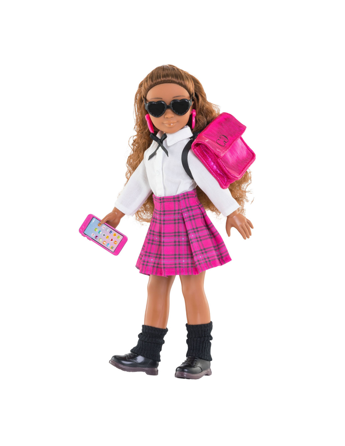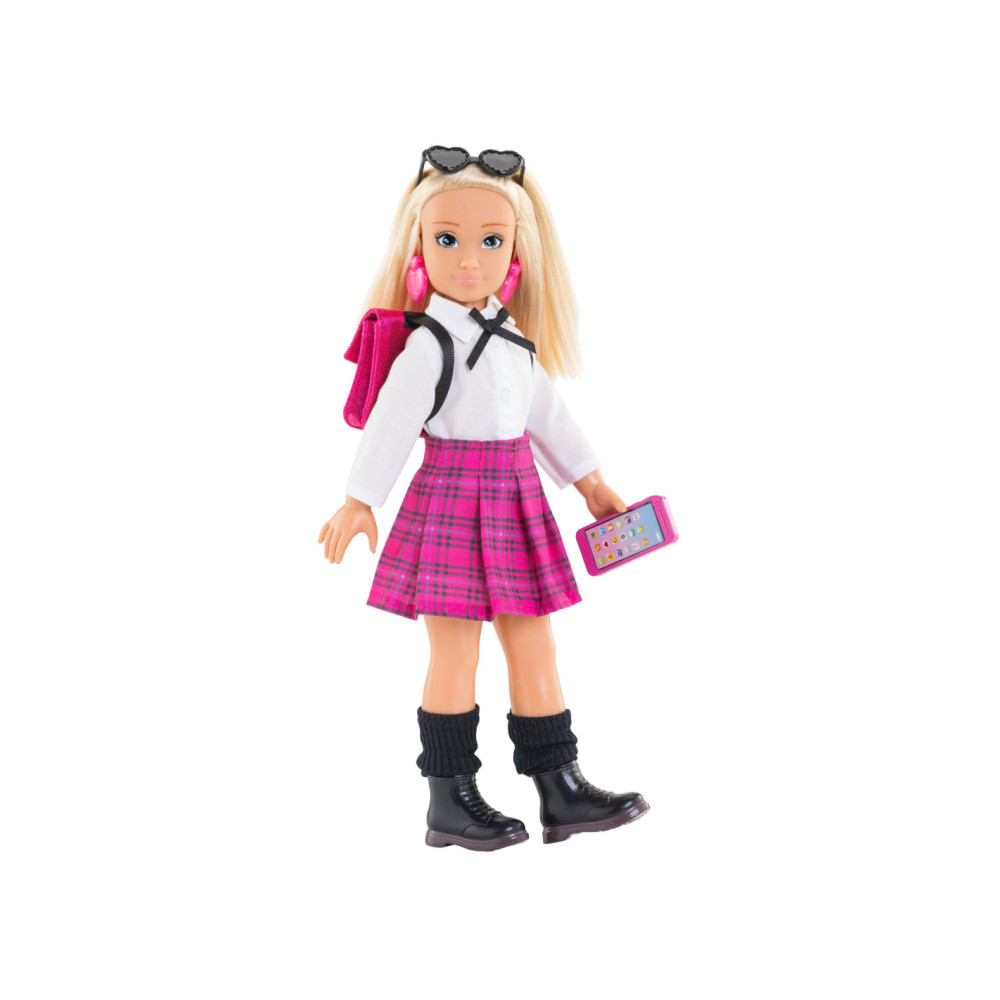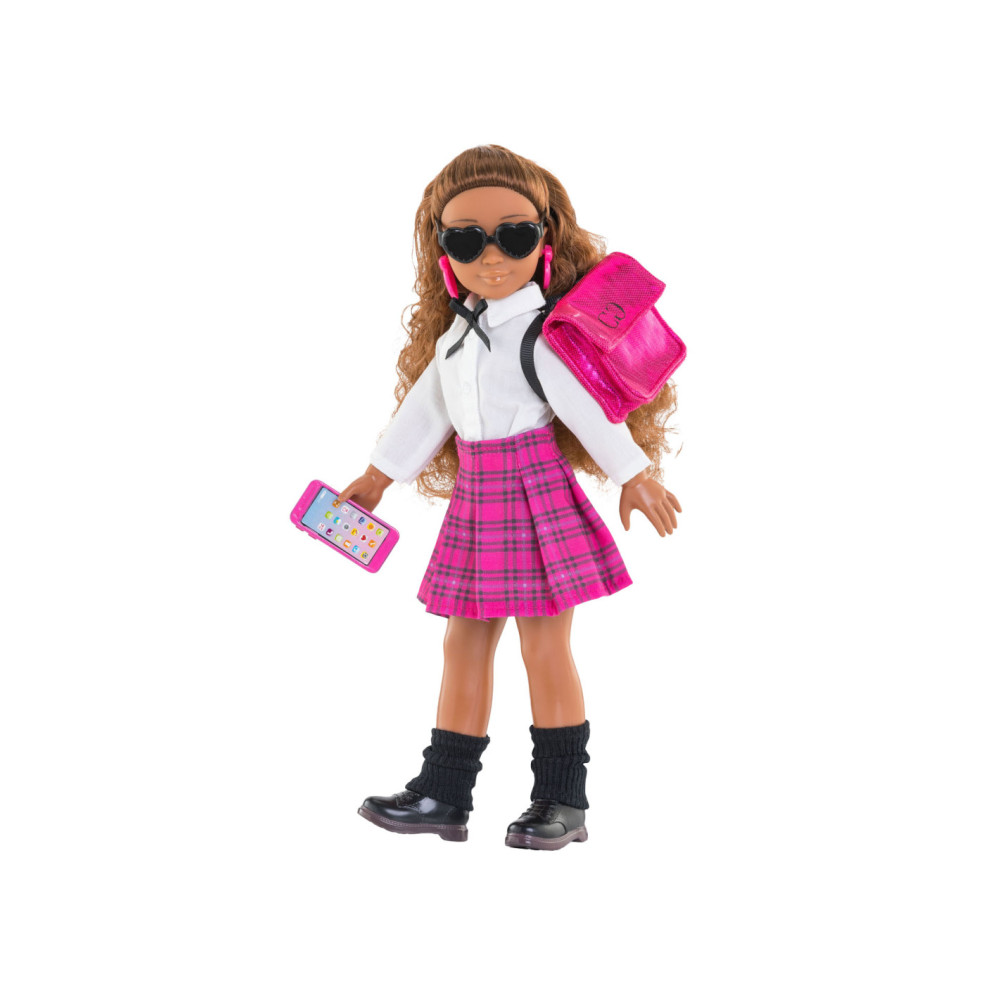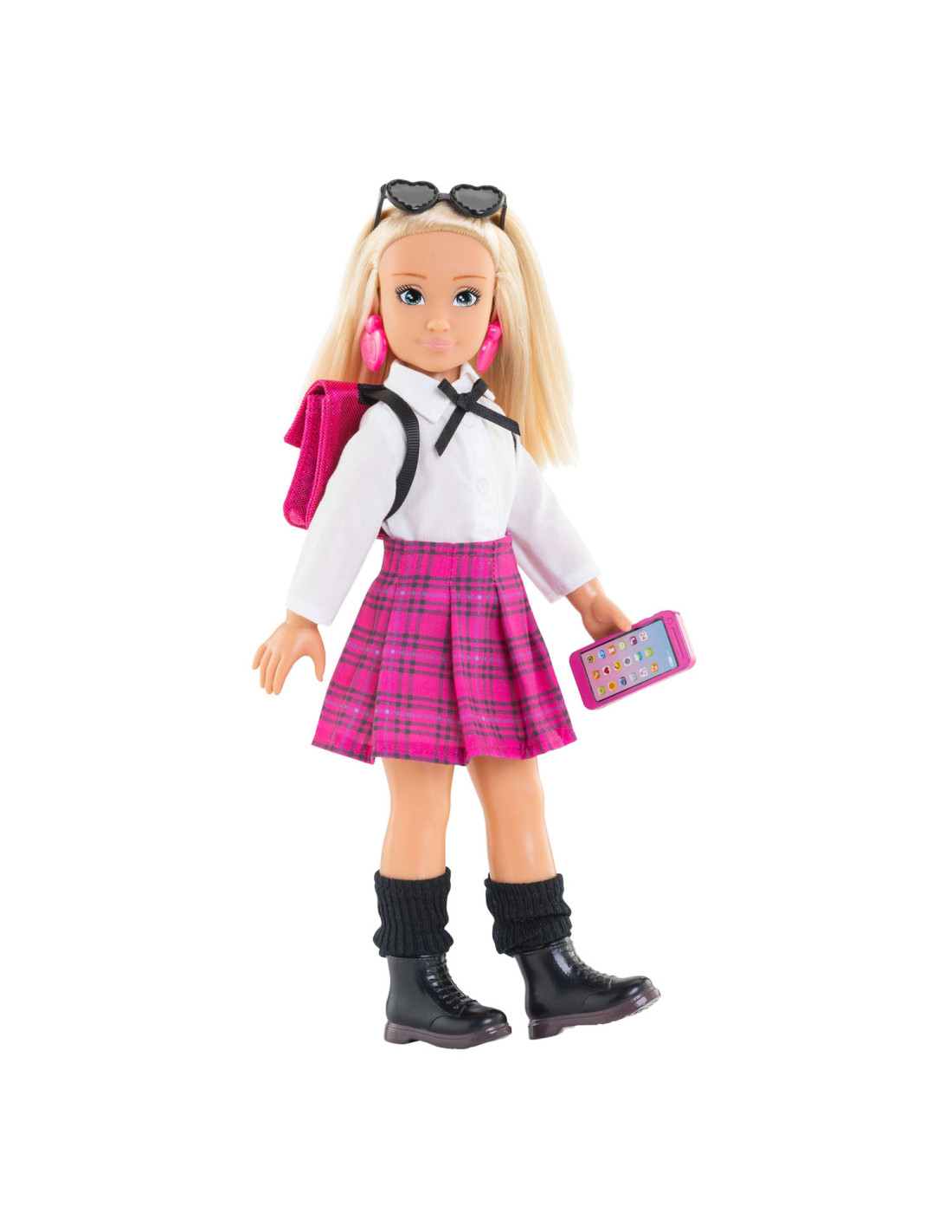 De English College Dressing Room is een complete outfit voor Corolle Girls-modepoppen, bestaande uit 8 ultra-trendy accessoires om eruit te zien als een Engelse student: 1 roze geruite rok, 1 wit overhemd met lange mouwen en een zwarte strik, 1 paar oorbellen oorbellen, 1 zwarte hartvormige zonnebril, 1 roze mobiele telefoon, 1 roze schooltas, 1 paar zwarte beenkappen en 1 paar afneembare zwarte enkellaarzen.
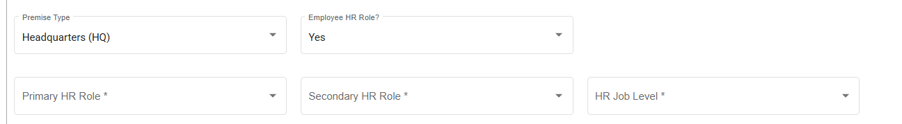 In official information page, select the place of working Premise Type and also update whether the employee is in HRM role or not.
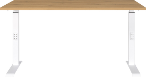panneau en aggloméré avec revêtement mélaminé, facile d’entretien finition chêne Grandson. forme de panneau angulaire. bord Une bande de chant ABS résistant aux chocs protège tous les bords de fissures et d'éclatements inesthétiques. piètement en C en métal avec finition époxy résistante aux chocs et aux rayures en blanc. réglage en hauteur via mécanisme. châssis avec patins en plastique.
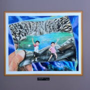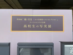 県立ミュージアム「ホキ美術展」で生徒作品を展示中
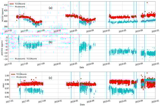 Time series of XCO2 (a) and XAir (c) retrieved from IRCube and TCCON instruments and their difference of ΔXCO2 (IRCube minus TCCON reference) (b) for the same period. The vertical bars represent the dates when an instrument modification was performed to the IRCube during the campaign.
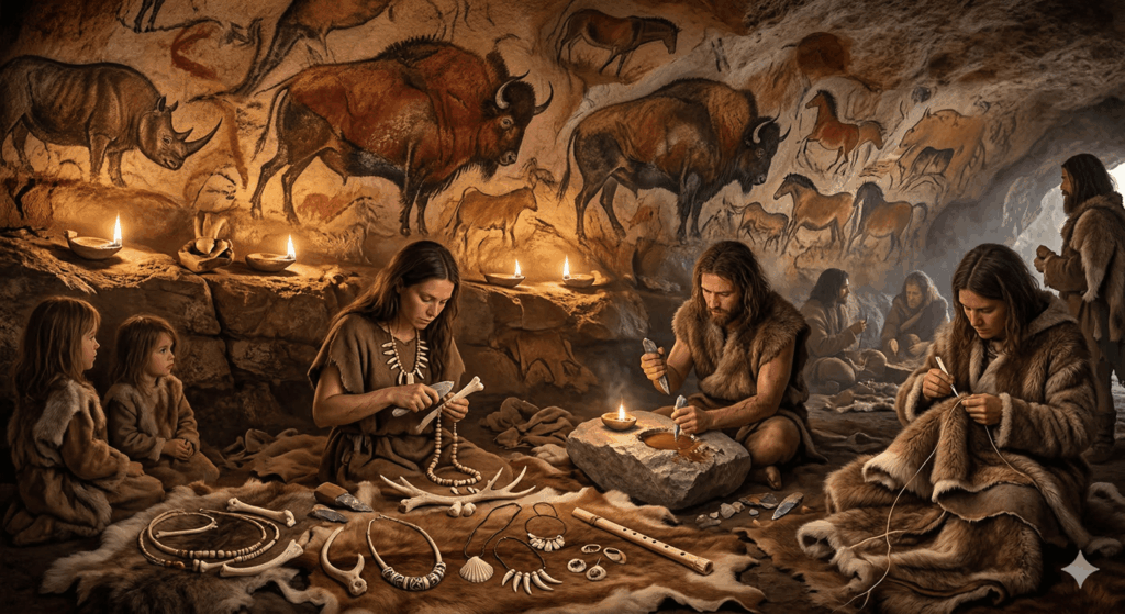 動物の骨や牙・角を利用して、装飾品や縫い針、油を燃やすオイルランプなどが作られるようになりました。また、ネックレス、ペンダントヘッド、フルートなども作りだしました。2万5000年前には、動物の油を用いて絵の具を作成し、洞窟の壁に様々な色で牛の絵を描くようになりました。そうした壁画には、洞窟内の岩の凹凸を活かして立体感を出す工夫が施されていました。また、2万4000年前には土を用いて像なども作り出すようになりました。

━━━

Work request
Only the lines from the beginning of the records up to and including the line with "県立ミュージアム「ホキ美術展」で生徒作品を展示中" should appear, exactly as they are, and no pictures.

Result of the task
 De English College Dressing Room is een complete outfit voor Corolle Girls-modepoppen, bestaande uit 8 ultra-trendy accessoires om eruit te zien als een Engelse student: 1 roze geruite rok, 1 wit overhemd met lange mouwen en een zwarte strik, 1 paar oorbellen oorbellen, 1 zwarte hartvormige zonnebril, 1 roze mobiele telefoon, 1 roze schooltas, 1 paar zwarte beenkappen en 1 paar afneembare zwarte enkellaarzen.
 In official information page, select the place of working Premise Type and also update whether the employee is in HRM role or not.
panneau en aggloméré avec revêtement mélaminé, facile d’entretien finition chêne Grandson. forme de panneau angulaire. bord Une bande de chant ABS résistant aux chocs protège tous les bords de fissures et d'éclatements inesthétiques. piètement en C en métal avec finition époxy résistante aux chocs et aux rayures en blanc. réglage en hauteur via mécanisme. châssis avec patins en plastique.
 県立ミュージアム「ホキ美術展」で生徒作品を展示中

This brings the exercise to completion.